In the 2009 Conseil d'État/Staatsrat election, a total of 754 votes were cast, of which 45 (or about 6.0%) were invalid. The voter participation was 68.2%, which is much more than the cantonal average of 54.67%. In the 2007 Swiss Council of States election, a total of 794 votes were cast, of which 38 (or about 4.8%) were invalid. The voter participation was 72.6%, which is much more than the cantonal average of 59.88%.

==Economy==
As of In 2010 2010, Hérémence had an unemployment rate of 2.6%. As of 2008, there were 50 people employed in the primary economic sector and about 29 businesses involved in this sector.

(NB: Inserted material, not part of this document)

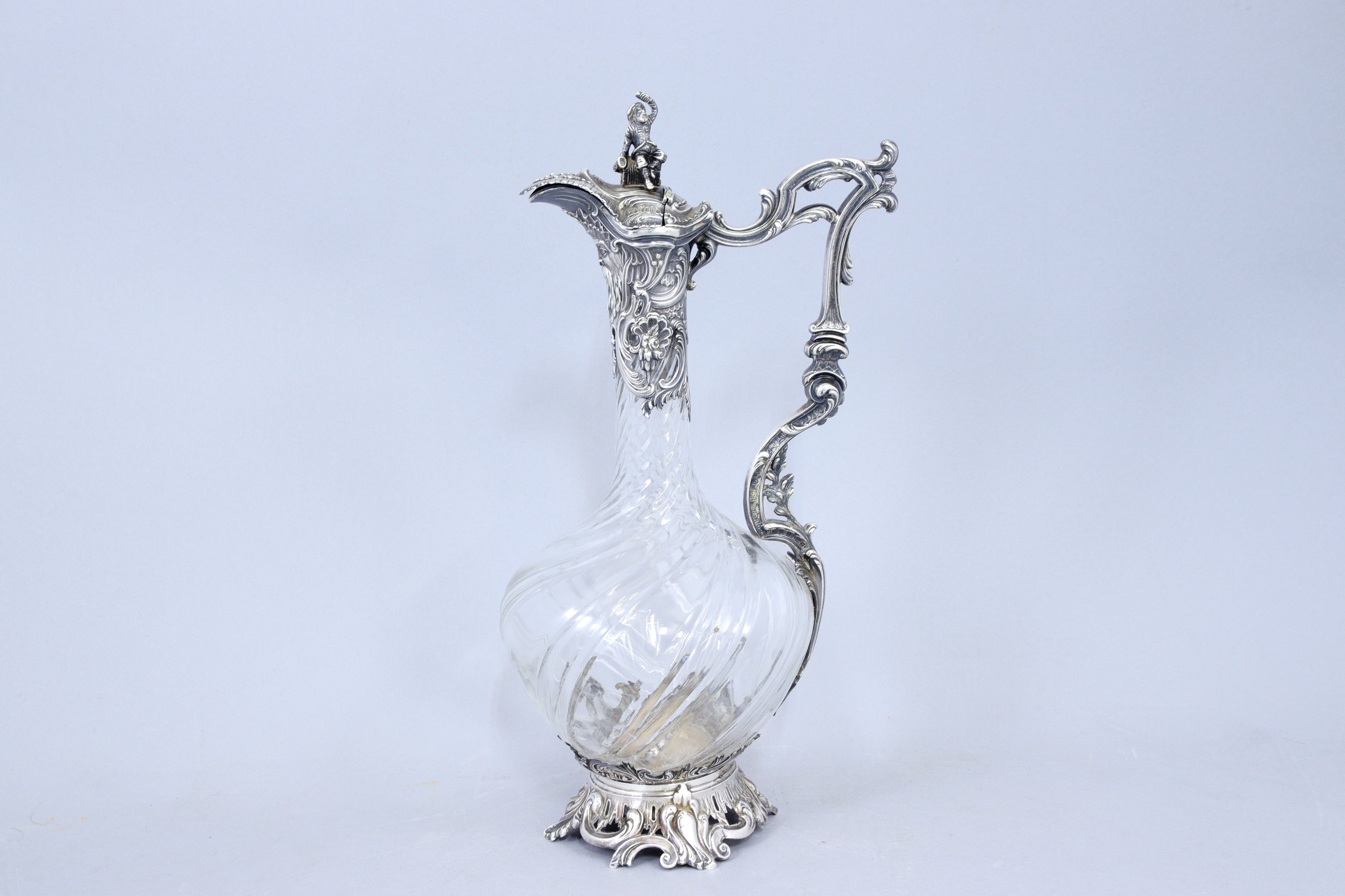 en cristal et argent. Le fretel à décor d’un homme sur un tonneau, le bec en forme d’une tête barbue. La panse torsadée, le pied ajouré à décor d’acanthe.

One hundred and ninety-two people were employed in the secondary sector and there were 13 businesses in this sector. One hundred and sixty-four people were employed in the tertiary sector, with 39 businesses in this sector. There were 576 residents of the municipality who were employed in some capacity, of which females made up 43.9% of the workforce.

In 2008, the total number of full-time equivalent jobs was 323. The number of jobs in the primary sector was 24, all of which were in agriculture. The number of jobs in the secondary sector was 182 of which 50 (or 27.5%) were in manufacturing and 131 (72.0%) were in construction. The number of jobs in the tertiary sector was 117. In the tertiary sector, 12 (or 10.3%) were in wholesale or retail sales or the repair of motor vehicles, 15 (or 12.8%) were in the movement and storage of goods, 29 (or 24.8%) were in a hotel or restaurant, one was the insurance or financial industry, two (or 1.7%) were technical professionals or scientists, 25 or 21.4% were in education and eight (or 6.8%) were in health care.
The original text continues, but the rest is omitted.